Exact copy, pictures excluded: set down only the lines from the one with "数据显示,2024年上半年公" through the end of the entries, keeping both end lines.

» **Material for this exercise**
################

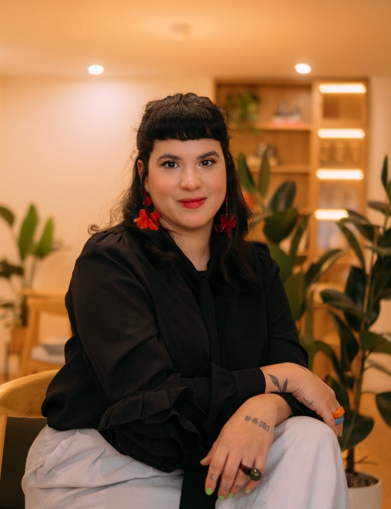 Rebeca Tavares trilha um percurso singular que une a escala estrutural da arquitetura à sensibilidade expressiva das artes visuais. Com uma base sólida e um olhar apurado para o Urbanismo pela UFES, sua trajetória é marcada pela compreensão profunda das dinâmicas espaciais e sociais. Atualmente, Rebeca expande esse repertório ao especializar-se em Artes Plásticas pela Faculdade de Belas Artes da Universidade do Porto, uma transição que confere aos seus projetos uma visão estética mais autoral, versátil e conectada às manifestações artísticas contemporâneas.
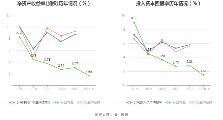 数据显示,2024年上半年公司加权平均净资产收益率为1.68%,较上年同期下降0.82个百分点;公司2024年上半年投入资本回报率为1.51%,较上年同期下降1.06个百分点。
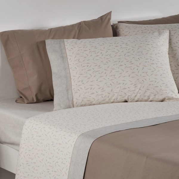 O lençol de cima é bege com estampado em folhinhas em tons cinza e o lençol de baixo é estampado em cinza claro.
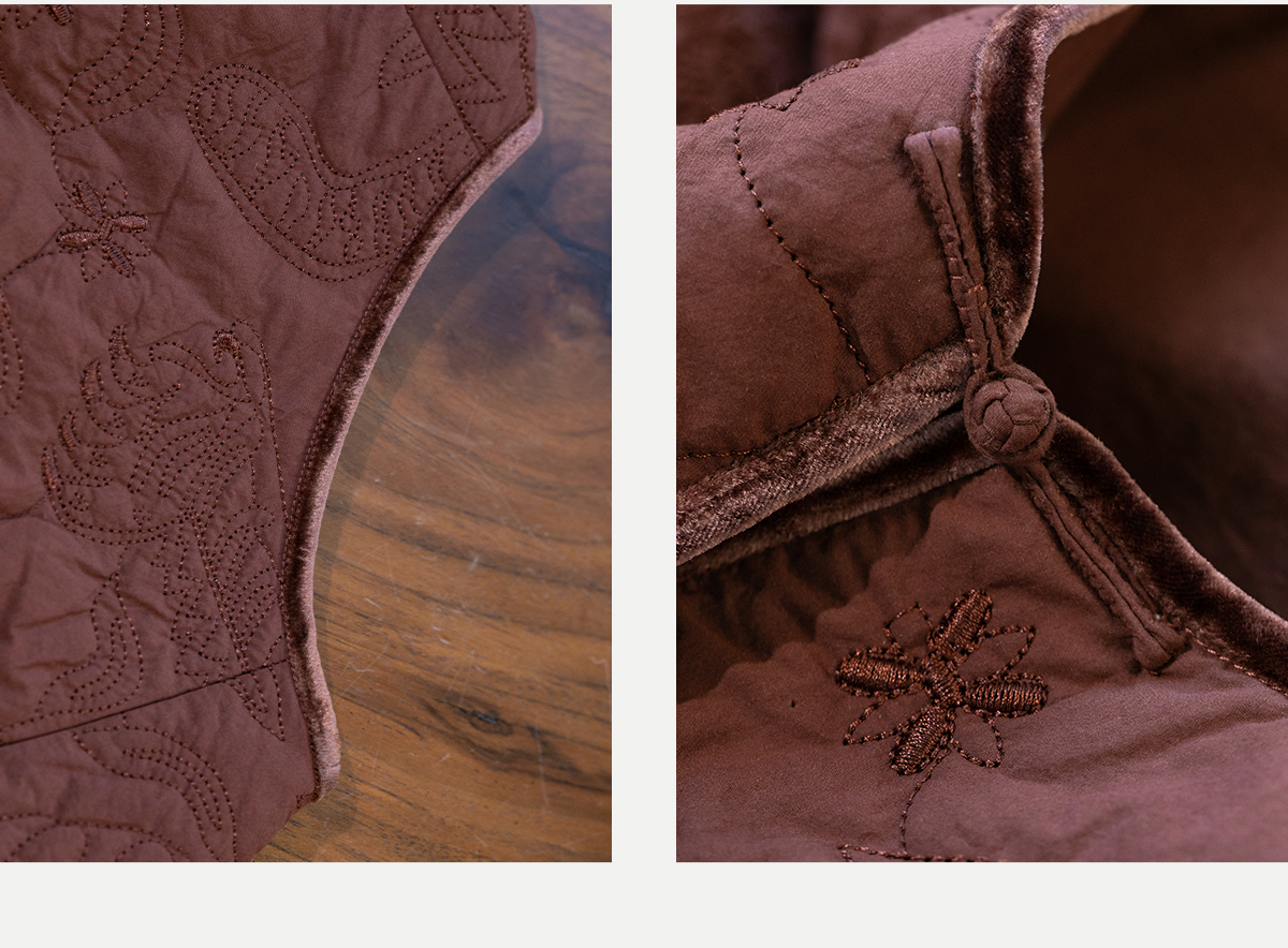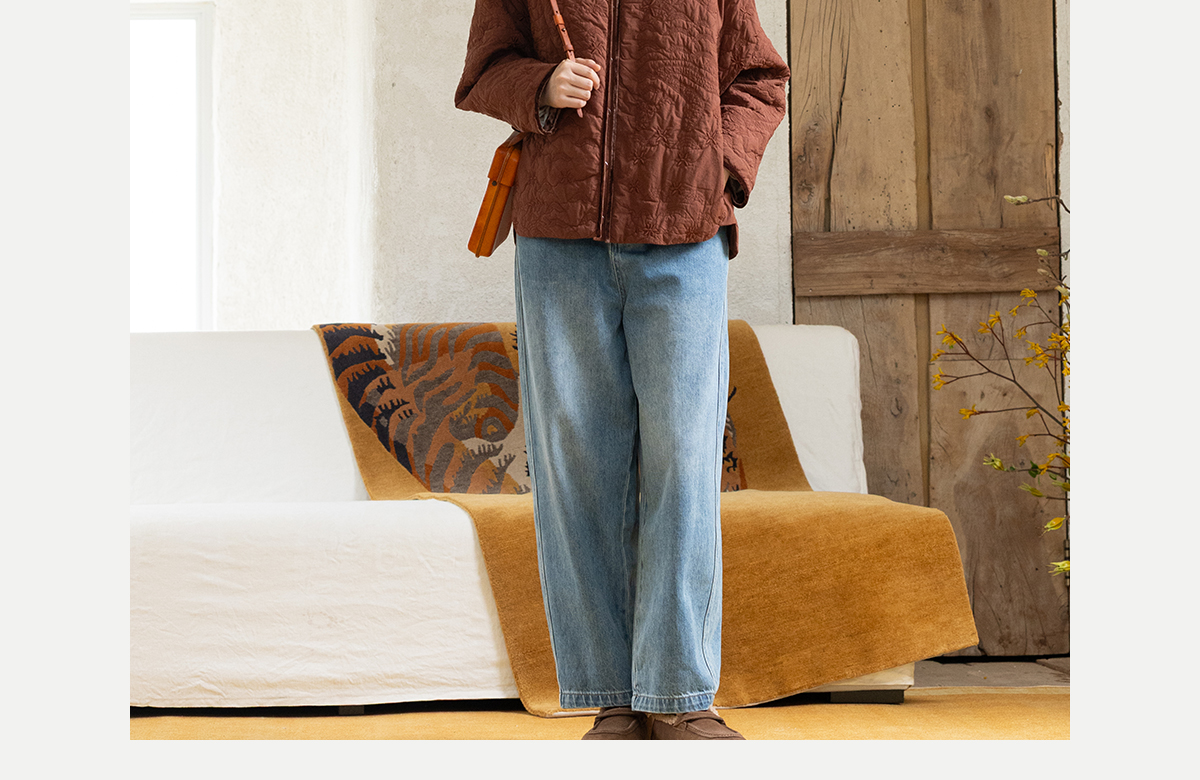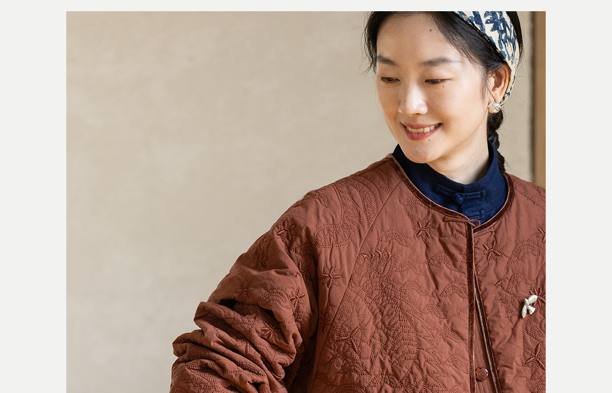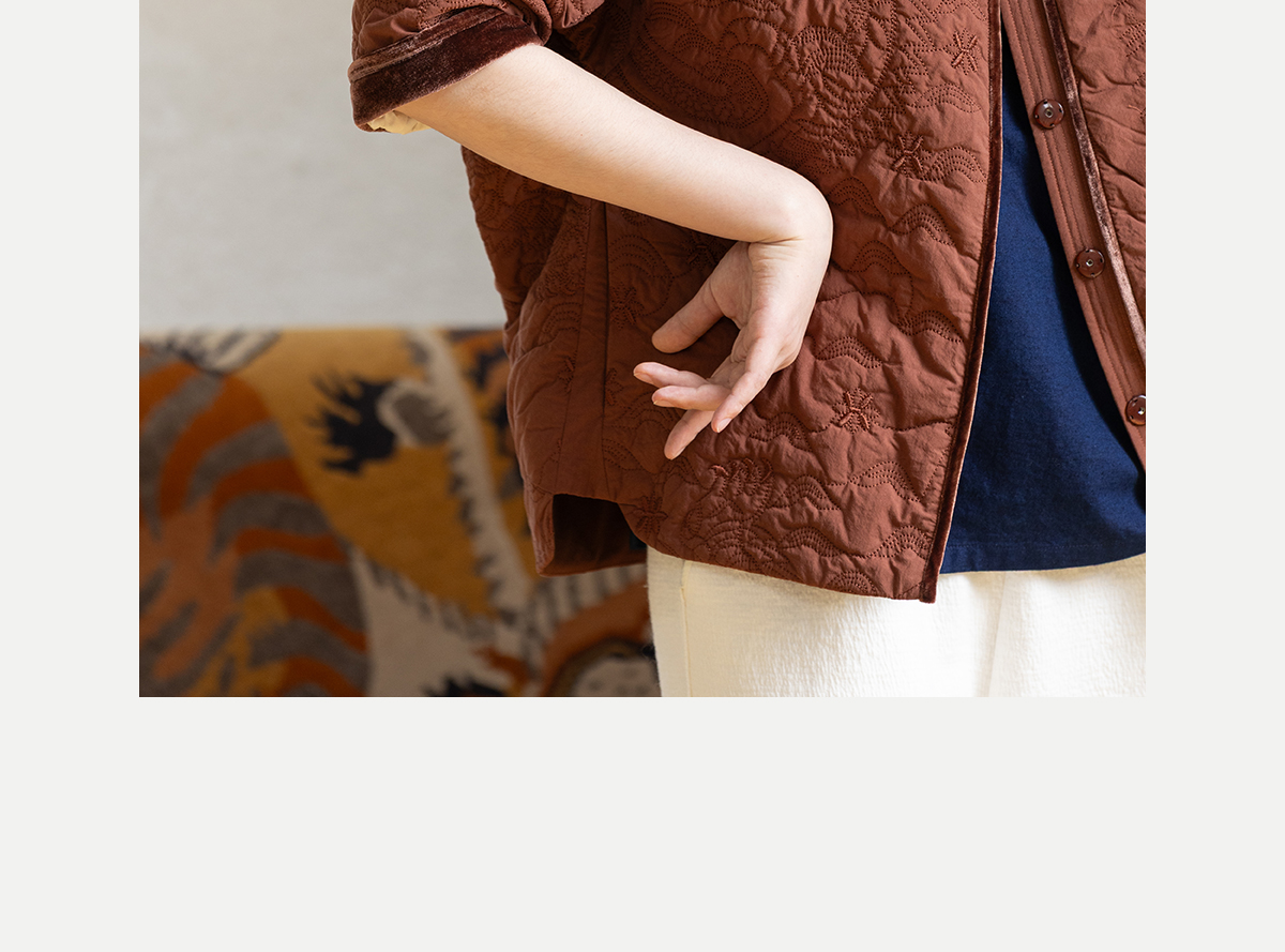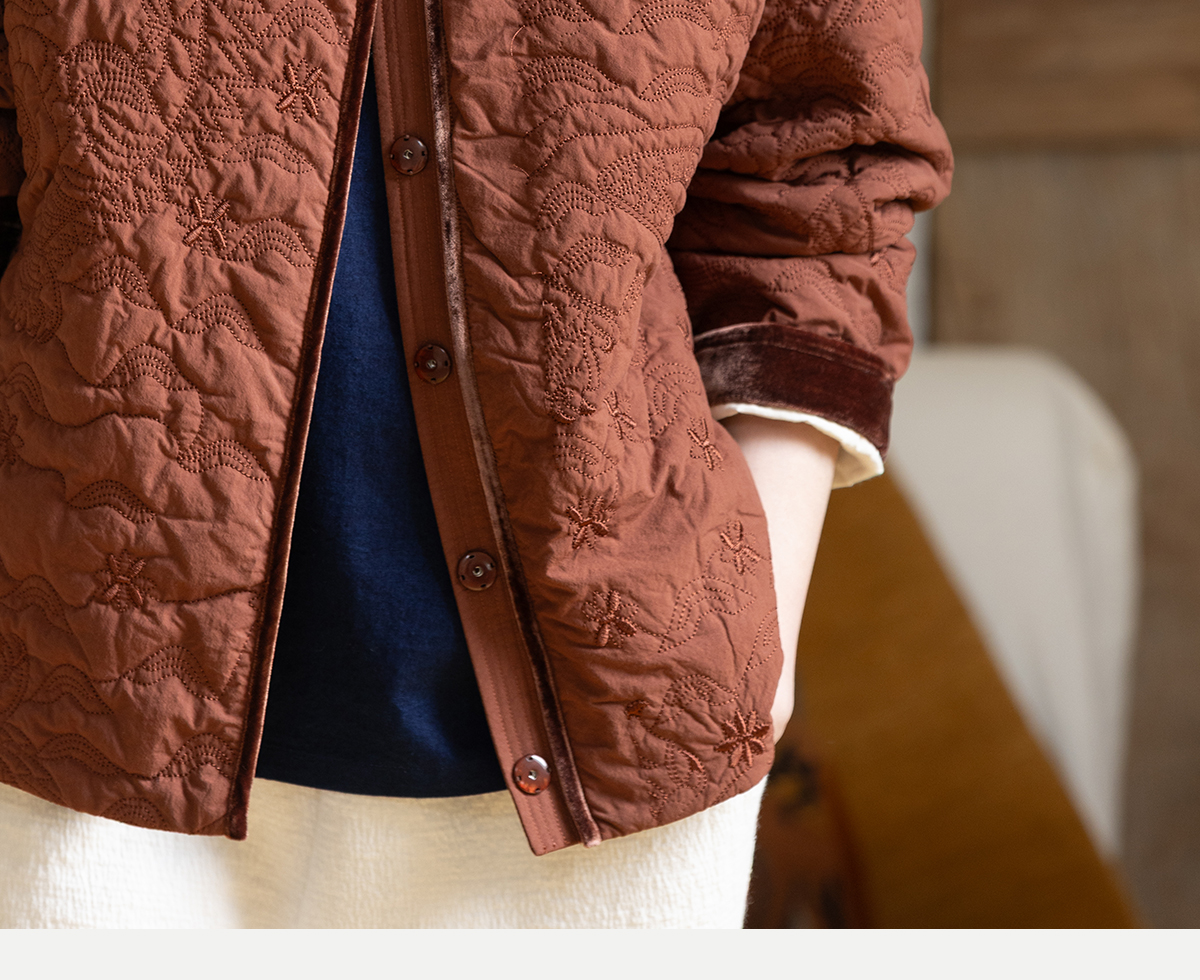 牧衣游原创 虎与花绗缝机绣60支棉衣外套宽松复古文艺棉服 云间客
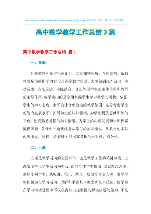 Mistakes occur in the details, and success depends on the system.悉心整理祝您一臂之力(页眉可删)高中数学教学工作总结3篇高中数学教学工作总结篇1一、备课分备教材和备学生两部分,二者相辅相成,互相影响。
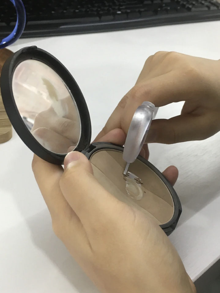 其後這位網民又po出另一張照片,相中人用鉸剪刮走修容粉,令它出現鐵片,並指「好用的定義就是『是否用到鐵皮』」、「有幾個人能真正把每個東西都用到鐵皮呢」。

################

» **Response to this exercise**
 数据显示,2024年上半年公司加权平均净资产收益率为1.68%,较上年同期下降0.82个百分点;公司2024年上半年投入资本回报率为1.51%,较上年同期下降1.06个百分点。
 O lençol de cima é bege com estampado em folhinhas em tons cinza e o lençol de baixo é estampado em cinza claro.
 牧衣游原创 虎与花绗缝机绣60支棉衣外套宽松复古文艺棉服 云间客
 Mistakes occur in the details, and success depends on the system.悉心整理祝您一臂之力(页眉可删)高中数学教学工作总结3篇高中数学教学工作总结篇1一、备课分备教材和备学生两部分,二者相辅相成,互相影响。
 其後這位網民又po出另一張照片,相中人用鉸剪刮走修容粉,令它出現鐵片,並指「好用的定義就是『是否用到鐵皮』」、「有幾個人能真正把每個東西都用到鐵皮呢」。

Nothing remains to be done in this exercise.